You can too program different metric thresholds for various request priorities. For instance, for low-priority requests from the batch API we only schedule a request when the backend queue is totally empty: we relatively risk short periods of underutilized GPUs than causing increased latencies for any later request with higher priority.
There is kind of some potential for optimizations: for instance, should you allow scheduling for a backend length shorter than three and the present metric is zero, you may immediately send three requests to the backend before having to fetch the metrics again. Within the worst case, none of them fit into the present batch and all of them are within the backend queue (during which case the brand new length is three, just advantageous).
Alternative: Backend-Side Priority Scheduling
Recently, vLLM added a priority-based scheduling option as an alternative of sticking with FIFO. For this recent feature, requests are tagged with a priority before they’re sent to the backend. And vLLM would recurrently check if any higher-priority request is queuing after which sort all requests by priority (each the running batch and the waiting queue). This may not only let the high-priority request literally jump the queue but even move it on to the processed batch. The worth is (except for some overhead because of sorting) that lower priority requests can be evicted from the running batch and put back within the waiting queue again.
Can Backend-Side Priority Scheduling Replace All Queues on the LLM-Server Side?
vLLM understands the request priority as a continuous number. This doesn’t only will let you distinguish between default, high priority (interactive AI assistant) and low priority (batch API) but you may even make smaller decrements for each request that the user has already sent to the backend and where the response is pending. For instance, users B and C send only single requests, which can have priority zero. User A sends 4 requests directly; the primary one has priority zero, too, but the following ones can have priorities one, two, and three, and might be processed later (higher number = lower priority).
There are still some caveats:
- The backend-priority feature is just available for vLLM, not for HuggingFace TGI.
- Having a scheduler on LLM-Server side lets you adjust the scheduling rate based on time-per-output-token. The backend-priority scheduling doesn’t control the scheduling rate.
- The impact of frequent re-ordering of queue and batch on latencies still must be measured for realistic load scenarios.

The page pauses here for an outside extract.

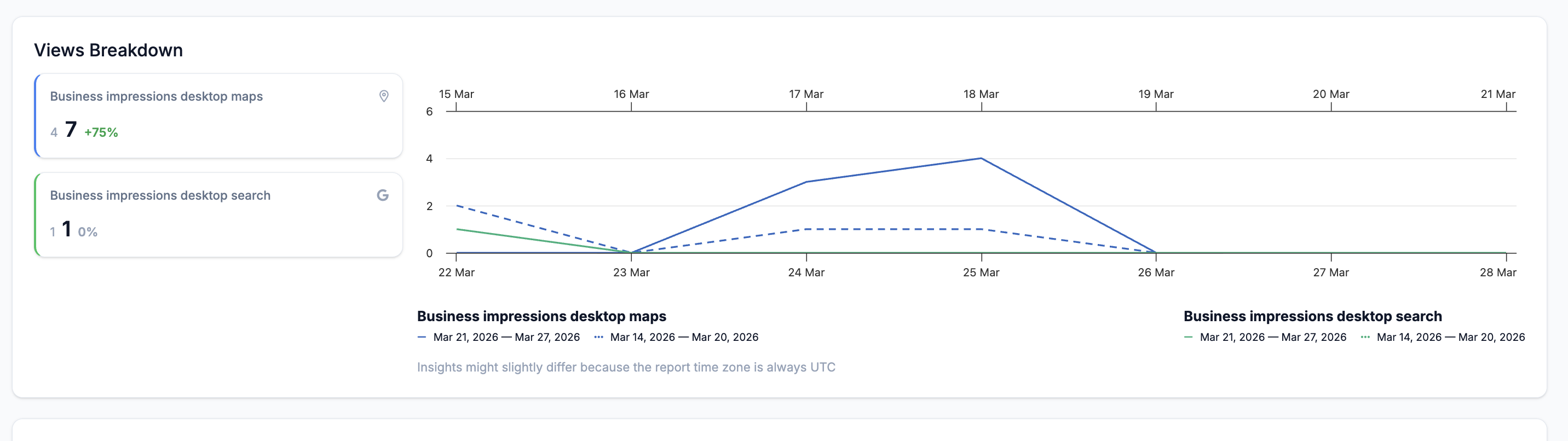 The Views Breakdown section shows how many times your Google Business Profile was seen — broken down by device and surface. Each metric shows the current period value, the previous period value, and the percentage change between them.

Overall, backend-side priority scheduling could be a superb strategy for vLLM-based systems, since it simplifies queueing logic on the upstream LLM-Server. Unfortunately, in a sensible setting you can not do away with the LLM-Server as a further scheduling layer, since you would like some objective instance to assign priorities to individual requests.
Summary & Outlook
Queueing and scheduling are crucial for applications with multiple users and clients of various priorities, as they significantly impact the user experience. This is very true in scenarios where multiple clients submit requests in parallel, benefiting from a dedicated “fair scheduling” strategy. Although backend features like priority scheduling can simplify optimization, an upstream gateway server continues to be vital to totally manage these complexities.
In the following a part of this blogpost series, we are going to shift gears and give attention to the token generation within the inference engine during prefill and decode phases. Particularly, we are going to discuss resource utilization and techniques for concurrent processing of multiple requests.